The internationally controversial New York-based facial recognition firm Clearview AI on Monday signed its first two public contracts with the U.S. Border Patrol, both set to begin on Wednesday. Totaling a meager $45,000 relative to three previous U.S. Immigration and Customs Enforcement (ICE) contracts summing up to more than $3 million, the company is being paid $30,000 to support surveillance of the Spokane sector’s 308-mile border with Canada, stretching from Washington to western Montana, and $15,000 for operations for the Yuma sector’s 126-mile border with Mexico, which spans California and Arizona.

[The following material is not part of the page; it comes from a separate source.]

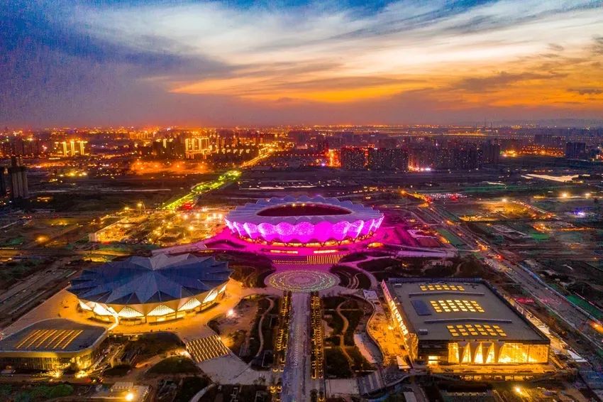 第十四屆全運會主場館西(xi)安(an)奧體(ti)(ti)中(zhong)心“一場兩館”呈“品(pin)”字形分布(bu)。從空中(zhong)俯瞰西(xi)安(an)奧體(ti)(ti)中(zhong)心體(ti)(ti)育場,就像(xiang)一朵巨大(da)的(de)“石(shi)榴花(hua)”,28個“花(hua)瓣”勾勒(le)出(chu)石(shi)榴花(hua)綻(zhan)放和絲綢舞動的(de)韻律。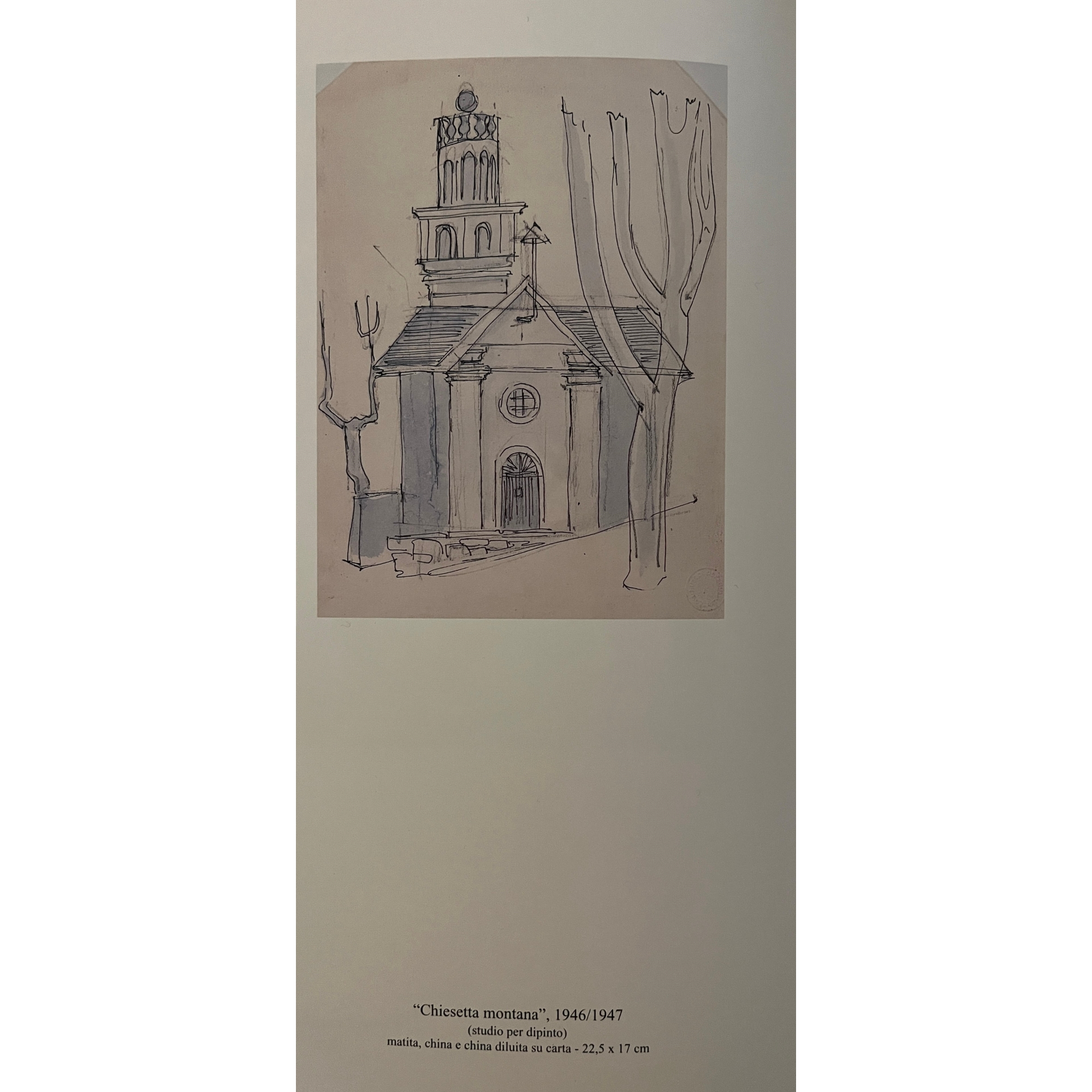 Fortunato Depero, Chiesetta montana, 1946/1947, Matita e china su carta, cm...

A sole-source procurement justification for the Spokane border patrol’s contract with Clearview AI was originally published on the official U.S. website SAM.gov on May 27 and was most recently updated on June 11. Listing an office address in Arlington for Clearview AI, the contract was said to be for two “Federal Investigator Tool + Cloud Database Local License – Annual software licenses.” The justification included the claim that, “Through market research, it has been determined that only CLEARVIEW AI, INC.’s technology can meet all of [Spokane Sector’s] requirements to help generate high-quality investigative leads, gain intelligence, disrupt crime, and enhance public safety.”
The attorney general of Vermont, T.J. Donovan, sent a letter of concern to U.S. Customs and Border Protection (CBP), the parent agency of the U.S. Border Patrol, regarding their usage of Clearview in December 2021. In March, a U.S. judge in Chicago approved a novel class-action settlement awarding a 23% equity stake in the company, amounting to as much as an estimated $51.75 million in damages as a result of violations of an Illinois biometric privacy law.
Clearview AI’s new win of Border Patrol contracts come six months after the ouster of the former long-term CEO, the Australian-born entrepreneur Hoan Ton-That, so that the company could seek contracts with the new Trump administration under the joint leadership of Republican operatives Richard Schwartz and Hal Lambert.
On Friday, this publication further reported on Clearview AI’s newly public March contract with the parent organization of the U.S. Army’s primary guerrilla warfare organization, the Green Berets.
The U.S. Defense Logistics Agency also paid $463,158 for 25 Clearview AI licenses over a period of six months beginning in December, albeit through the intermediary W.S. Darley & Co., which is based in the same state — Illinois — whose biometric privacy law violation led to the company being ordered to forfeit its 23% equity stake.